◆ **Exercise goal**
Scan the records below for the string "complete" and return every line where it appears.

◆ **Dataset records**

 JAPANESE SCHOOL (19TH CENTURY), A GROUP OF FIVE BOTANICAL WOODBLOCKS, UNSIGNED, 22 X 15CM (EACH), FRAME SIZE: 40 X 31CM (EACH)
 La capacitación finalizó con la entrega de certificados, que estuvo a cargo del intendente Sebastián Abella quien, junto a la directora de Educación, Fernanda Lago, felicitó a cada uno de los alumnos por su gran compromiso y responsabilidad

--

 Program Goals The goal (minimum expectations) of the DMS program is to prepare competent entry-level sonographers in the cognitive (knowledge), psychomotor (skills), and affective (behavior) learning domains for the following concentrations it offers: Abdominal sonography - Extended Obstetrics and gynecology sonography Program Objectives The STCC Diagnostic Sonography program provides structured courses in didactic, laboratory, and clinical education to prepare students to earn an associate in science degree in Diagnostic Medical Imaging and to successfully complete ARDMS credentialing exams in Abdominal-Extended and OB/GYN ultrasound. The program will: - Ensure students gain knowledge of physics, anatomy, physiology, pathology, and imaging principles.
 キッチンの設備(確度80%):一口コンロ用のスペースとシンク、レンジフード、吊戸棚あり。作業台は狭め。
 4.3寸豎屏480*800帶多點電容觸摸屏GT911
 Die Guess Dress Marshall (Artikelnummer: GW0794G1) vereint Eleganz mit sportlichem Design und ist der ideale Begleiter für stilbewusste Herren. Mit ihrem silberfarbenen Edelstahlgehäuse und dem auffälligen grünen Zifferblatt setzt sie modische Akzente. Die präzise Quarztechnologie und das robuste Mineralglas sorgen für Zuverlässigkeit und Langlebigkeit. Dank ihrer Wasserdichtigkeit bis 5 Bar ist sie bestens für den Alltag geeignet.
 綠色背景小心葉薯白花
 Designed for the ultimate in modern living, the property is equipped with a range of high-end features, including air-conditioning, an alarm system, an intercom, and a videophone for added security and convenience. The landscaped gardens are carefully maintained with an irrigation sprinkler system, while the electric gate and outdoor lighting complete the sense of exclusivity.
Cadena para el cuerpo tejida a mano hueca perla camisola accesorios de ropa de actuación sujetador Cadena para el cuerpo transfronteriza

* * *

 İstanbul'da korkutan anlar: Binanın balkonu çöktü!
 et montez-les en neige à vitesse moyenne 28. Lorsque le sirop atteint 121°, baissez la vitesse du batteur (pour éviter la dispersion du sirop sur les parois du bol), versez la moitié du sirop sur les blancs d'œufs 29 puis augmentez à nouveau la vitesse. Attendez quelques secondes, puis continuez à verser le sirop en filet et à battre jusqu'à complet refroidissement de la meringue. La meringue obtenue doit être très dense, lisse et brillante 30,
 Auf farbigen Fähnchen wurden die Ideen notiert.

◆ **Solution to this task**
 Program Goals The goal (minimum expectations) of the DMS program is to prepare competent entry-level sonographers in the cognitive (knowledge), psychomotor (skills), and affective (behavior) learning domains for the following concentrations it offers: Abdominal sonography - Extended Obstetrics and gynecology sonography Program Objectives The STCC Diagnostic Sonography program provides structured courses in didactic, laboratory, and clinical education to prepare students to earn an associate in science degree in Diagnostic Medical Imaging and to successfully complete ARDMS credentialing exams in Abdominal-Extended and OB/GYN ultrasound. The program will: - Ensure students gain knowledge of physics, anatomy, physiology, pathology, and imaging principles.
 Designed for the ultimate in modern living, the property is equipped with a range of high-end features, including air-conditioning, an alarm system, an intercom, and a videophone for added security and convenience. The landscaped gardens are carefully maintained with an irrigation sprinkler system, while the electric gate and outdoor lighting complete the sense of exclusivity.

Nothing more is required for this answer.